After Vice President Joe Biden said the alternative to a Democratically controlled Congress is the "Republican Tea Party," lawmakers on both sides of the aisle have moved to distance themselves from his remarks.
"I can't imagine any elected official making fun of people becoming highly involved in the electoral process," said Bob Corker (R-Tenn.) when asked to comment on Biden's remarks. "I just don't see how that's healthy. And yes, I think people who might criticize people getting highly engaged in the electoral process -- I think that's problematic and I just don't understand why one would perceive criticizing that to be a good thing."
Democrats dealt with the matter a bit more delicately.
"I think there are some fine people who are concerned about the size of the government, concerned about tax structure, concerned about the future," said Ben Nelson (D-Neb.). "And what we ought to do is have a dialogue."
"Accurately analyzing Tea Party supporters can be difficult," said Sen. Bob Casey (D-Pa.). "So I try to avoid kind of broad generalizations or broad categories. It's always dangerous to generalize."
At a fundraiser for Gov.

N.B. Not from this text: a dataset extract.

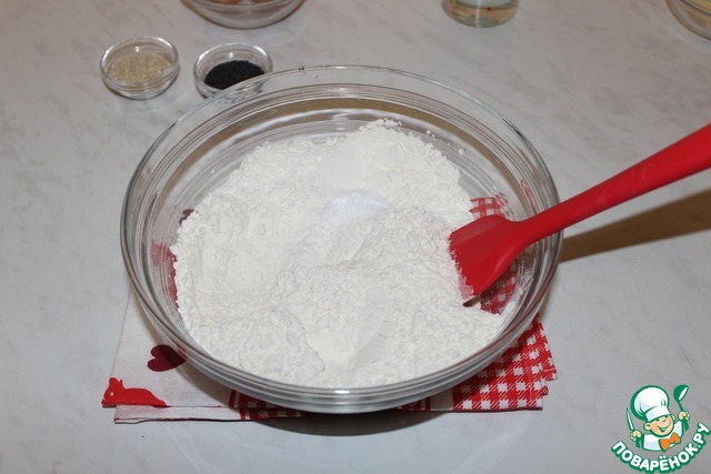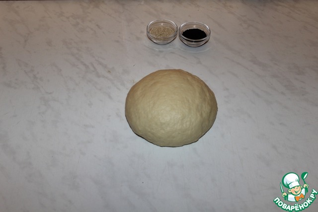 Смазываем желтком с 1 ст л молока и посыпаем кунжутом. Выпекаем при температуре 200 градусов 15-20 минут.

Ted Strickland in Ohio, Biden linked the GOP to the Tea Party, suggesting Democrats will run against the conservative activists. "Don't compare me to the Almighty, compare me to the alternative," he said, according the pool report. "The Republican Tea Party is the alternative."
Biden's approach reflects a strategy being considered by the White House, according to the New York Times. The White House, however, denies it.
Lawmakers at the Capitol on Tuesday told HuffPost that it's probably a good idea to pursue a new strategy and not to antagonize Tea Party members.
Sen. Joe Lieberman (I-Conn.) told reporters that the grassroots activism we've seen so far is just "the tip of the iceberg," and that while the activist logo of the Tea Party seems to be more linked to the Republican party, "Republicans, Democrats and Independents are just fed up with our government."
Corker, unsurprisingly, agrees.
"At the town hall meetings that I experienced in Tennessee," said Corker, "there was a real sober concern that people had about -- especially debt. Who isn't concerned about our indebtedness right now? It is out of control... I think most of the people who have become highly engaged in this election this year that haven't in the past, have focused on that issue. So how can you not agree that that's something that we have to deal with as a country?"